Mine workers look on as rescuers, unseen unload metal pipes at Wangjialing coal mine, Xiangning township, Shanxi province, about 650 kilometers (400 miles) southwest of Beijing, Monday, March 29, 2010. Rescuers working in a drizzling rain raced Monday to free 153 coal miners trapped deep underground by a flood that may have started when workers digging a new mine in northern China accidentally broke into a network of old, water-filled shafts. |
XIANGNING, China (AP) -- Rescuers pumped water from a flooded mine in northern China where time is running out for 153 trapped workers as efforts stretched into a second day with no communication from those stuck deep underground.
Some 1,000 rescue workers were rotating on shifts to try to drain enough water to reach the trapped miners, but the rescue effort could take days.

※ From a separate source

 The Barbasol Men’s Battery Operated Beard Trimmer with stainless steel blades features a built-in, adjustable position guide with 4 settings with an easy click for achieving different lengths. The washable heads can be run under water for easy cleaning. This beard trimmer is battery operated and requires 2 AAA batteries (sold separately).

It was unclear if anyone was still alive in the shafts, some which extended a half-mile (one kilometer) into the earth.
The accident could be one of the worst mining disasters in recent years if rescue efforts fail and would set back marked improvements in mining safety.
"Their situation until now is still unknown so that is making everyone very worried," said Liu Dezheng, a chief engineer with the work safety bureau in northern China's Shanxi province, where the mine is located.

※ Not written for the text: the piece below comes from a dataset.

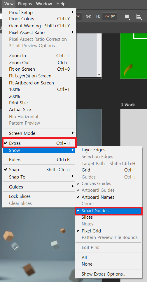 가운데 정렬을 쉽게 보여주는 스마트 가이드를 어떻게 ON하는지 말해보고자 한다.
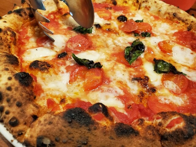 オーダーはホタテとタコのカルパッチョ、ピザを2つ。

The flood at the state-owned Wangjialing coal mine may have started Sunday afternoon when workers dug into a network of old, water-filled shafts. Such derelict tunnels are posing new risks to miners across China even as the country improves safety in its notoriously hazardous mines, where accidents kill thousands each year.
China's State Administration of Work Safety said 261 workers were inside the mine when it flooded, and 108 escaped or were rescued.
"We can't get in touch with the people down there," said miner Li Jianhong, 33, who was helping move pipes to suck water from the shaft. "If they haven't drowned yet, they might have suffocated from a lack of oxygen."
He was just about to head into the mine for his shift on Sunday when he heard that "something happened" underground. As he and his colleagues gathered for a meeting, they received a call from some of the trapped miners.
"We just received one phone call from them and after that there was no more contact. Those poor people," he said.
Liu warned any rescue was still days away and said the 1,000 rescuers were rotating on four-hour shifts to make sure they got enough rest in the days ahead.
"This is not something that can be achieved in one or two days," Liu said. "(Rescuers) must be prepared to work at least seven days and seven nights."
State television said the workers were trapped in nine different places in the mine, which was flooded with up to 5 million cubic feet (140,000 cubic meters) of water.
Authorities were not only worried about the flood. Gases from the abandoned shafts may have flowed into the mine, bringing new dangers such as explosions or poisoning.
At the mine, located at the end of a long winding mountain road, rescuers worked in drizzling rain Monday to strap metal pipes and other parts of a pump onto a metal trolley. They pushed it along rail tracks into the entrance, where it was lowered into the shaft.
About 30 people stood quietly behind the police cordon watching.
Fan Leisheng, one of the miners who escaped, described the sudden rush of water that tore through the mine.
"It looked like a tidal wave, and I was so scared," Fan told China Central Television. "I immediately ran away and looked back to see some others hanging behind. I shouted at them to get out. It was unbelievable because I got out from 1,000 meters (3,280 feet) underground."
Officials have yet to declare the cause of the accident, but experts said it was likely that workers broke into the old shafts or pits of derelict mines that had filled with water.
"It could be that they broke into old workings, works that were not properly mapped out," said David Feickert, a coal mine safety adviser to the Chinese government. "That's a common problem with flooding, and Shanxi is an area where they have very extensive mining, a lot of old mines."
Though China's mining industry is still the world's deadliest, it has dramatically improved its safety record over the last seven years, said Feickert, who is based in Wanganui, New Zealand and Beijing.
Accidents killed 2,631 coal miners last year, fewer than half the 6,995 deaths in 2002, the most dangerous year on record, according to the State Administration of Coal Mine Safety. That means on average more than seven miners die every day, down from 19.1 in 2002.
The decline in deaths comes amid a ramping up in the mining of coal, which fuels about 70 percent of China's voracious energy needs.
Much of the safety improvement has come from shutting down smaller, labor-intensive operators or forcing them into mergers with better-funded state companies.
Wangjialing, located about 400 miles (650 kilometers) southwest of Beijing, was under construction and had been scheduled to start production later this year, the China Daily newspaper reported.
Major mine accidents in China in recent years include a coal mine flood in eastern Shandong province in August 2007 that left 172 miners dead and a mine blast in northeastern Liaoning province in February 2005 that killed 214 miners.